Cruzan wasn’t “disabled” and reading a good book about her by the lawyer in that case, comparing the two came out as something her dad really was angry about. She was basically brain dead even if her simple life signs continued. The parents did all their could for some time before deciding it was time to let her die with dignity. And, such a waiting period etc. is a valid requirement.
And, in the past, she — like some have in more clearly defined ways in living wills — said she didn’t want to be forced to have medical treatment in that case. It is something scary out of a sci fi novel if we ignore such wishes “for their own good.” This includes disabled people who choose a certain treatment. Protecting them by taking their rights away is a tad bit Orwellian.
The rules here along the margins will be difficult, but we already allow euthanasia in various ways. Are we going to force people against their will to have treatment? Will brain death (a means of defining “life”) not be allowed if some artificial means can just keep a person alive indefinitely because the heart continues to beat? Refuse drugs since “double effect” might lead to death instead of merely pain reduction? (already done sometimes) Force people to choose what they will anyway on the sly or have Jack Kevorkian types do it?

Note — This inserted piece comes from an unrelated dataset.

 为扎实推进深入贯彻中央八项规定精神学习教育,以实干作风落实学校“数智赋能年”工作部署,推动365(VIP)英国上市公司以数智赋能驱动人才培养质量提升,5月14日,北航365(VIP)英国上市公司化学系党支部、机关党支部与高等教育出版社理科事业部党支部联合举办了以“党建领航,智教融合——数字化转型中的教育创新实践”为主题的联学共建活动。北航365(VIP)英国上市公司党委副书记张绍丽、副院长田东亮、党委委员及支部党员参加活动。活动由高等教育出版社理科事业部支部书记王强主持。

—-the— mentally ill have a “right” to assisted suicide
I am not sure what you mean by “the” mentally ill. You see us as generic?

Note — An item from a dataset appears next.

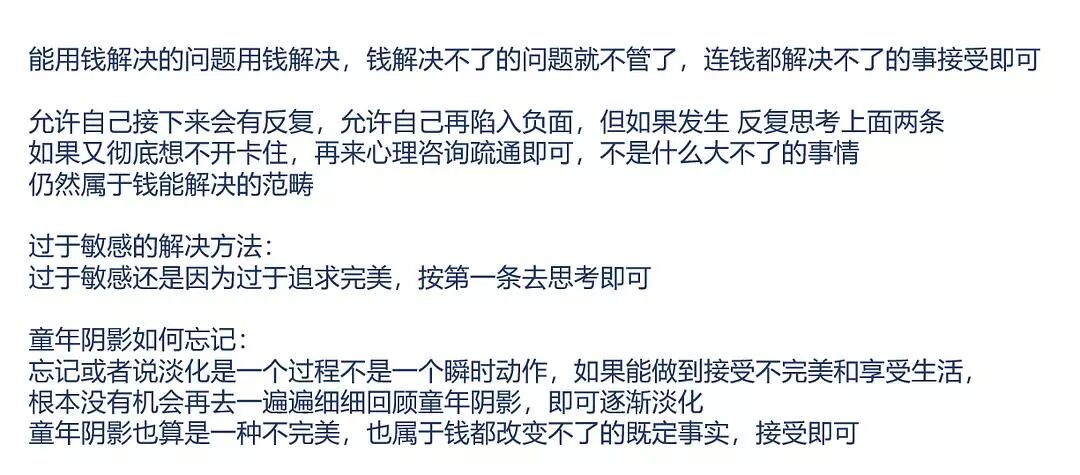 对于我们这种一直相信科学受过高等教育又已经形成了系统性焦虑思维的人,普通人劝几句“想开点吧,别想太多了”不但没有用,反而还会有反效果,必须要有这种像程序一样的带有功能性的方法论植入脑子里,才能像安装了一个杀毒软件一样把脑子里的垃圾分解掉。

The concluding observation from Ms. Golden highlights a critical issue. While we respect her opinion, we don’t want her opinion imposed on us. Carefully drafted laws will minimize the risk a choice isn’t truly voluntary. True, even the most carefully written laws will be misapplied. But the same principle of human fallibility applies to all endeavors, including medical procedures undertaken by physicians (who are not without a subliminal profit motive) that cause needless and protracted suffering. Bottom line: the “least imperfect” solution is to allow individuals to decide for themselves.